Composting is an alternative approach to waste disposal. It doesn’t stand alone, since plastic or chemically treated materials won’t decompose, but people can cultivate a deeper understanding of life’s processes when they consciously sort their waste.
“Composting to me is a way of staying connected with the landscape,” said Elisa Robles, aka The Worm Girl. “I think of it as closing the cycle.” Robles has been composting for almost a decade now. In college, the waste bin she and her roommates used for their lunch scraps fascinated her. She learned how worms speed up the cycle of return to the earth by eating natural waste to produce nitrogen and phosphorous-rich compost that makes for healthy topsoil.
“It became quite common for me to be talking about worms,” she said. And indeed she has become the go-to for worm-bin advice in Santa Barbara. “I love getting people inspired to start their own,” said Robles.
Permaculture practitioners Robles and Whitney Bell rain-checked the composting class they had originally scheduled at Fairview Gardens for Saturday, February 26. They’re waiting on better weather since the class will be outdoors, with plenty of hands-on experience, from 9 a.m. to 5 p.m.
Robles’s worm bins take care of kitchen waste and they fit in a cupboard or the back of your car. Bell takes care of the bigger mess outside with a method called hot composting.
“We fill each other’s gaps,” she said of her and Robles’s approaches to composting. Hot composting requires a big outdoor space to break down landscaping waste. During decomposition, the piles generate heat and they require some tending to, depending on the weather. Rain saturates the compost so it’s best to cover the pile with a tarp.

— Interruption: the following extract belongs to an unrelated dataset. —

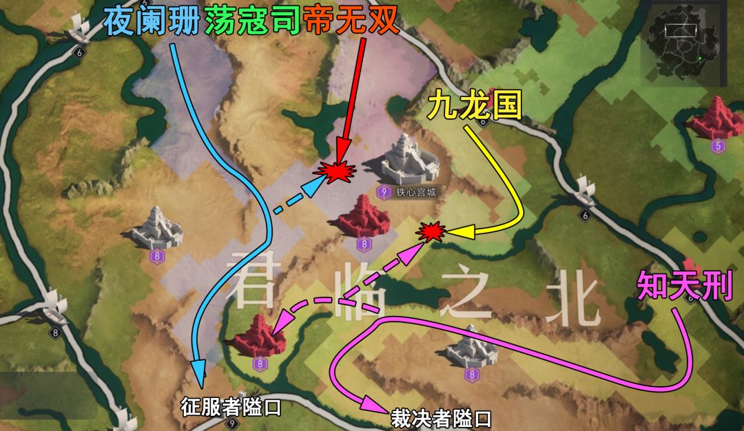 经此一役,大鲨鱼也明白想进君临就只有正面强攻一条路,随后便又一次回到了帝王朝所占7级渡口前,开始了为期两个日夜的攻防战,在双方都付出巨大战损后,大鲨鱼终于如愿拿下渡口,继续朝凯旋者隘口推进,而帝天下则占领了大鲨鱼后方数个城池,最终形成了如下局面。

The best way to keep it from drying out in the wind is to water it periodically.
Half of the Composting and Worm Bins Class will be geared toward setting up the small household bins, and the other half will focus on the hot outdoor mounds.
“A lot of people are grossed out but they come and see that it can be really aesthetically pleasing,” said Robles, “and you can be creative with it.”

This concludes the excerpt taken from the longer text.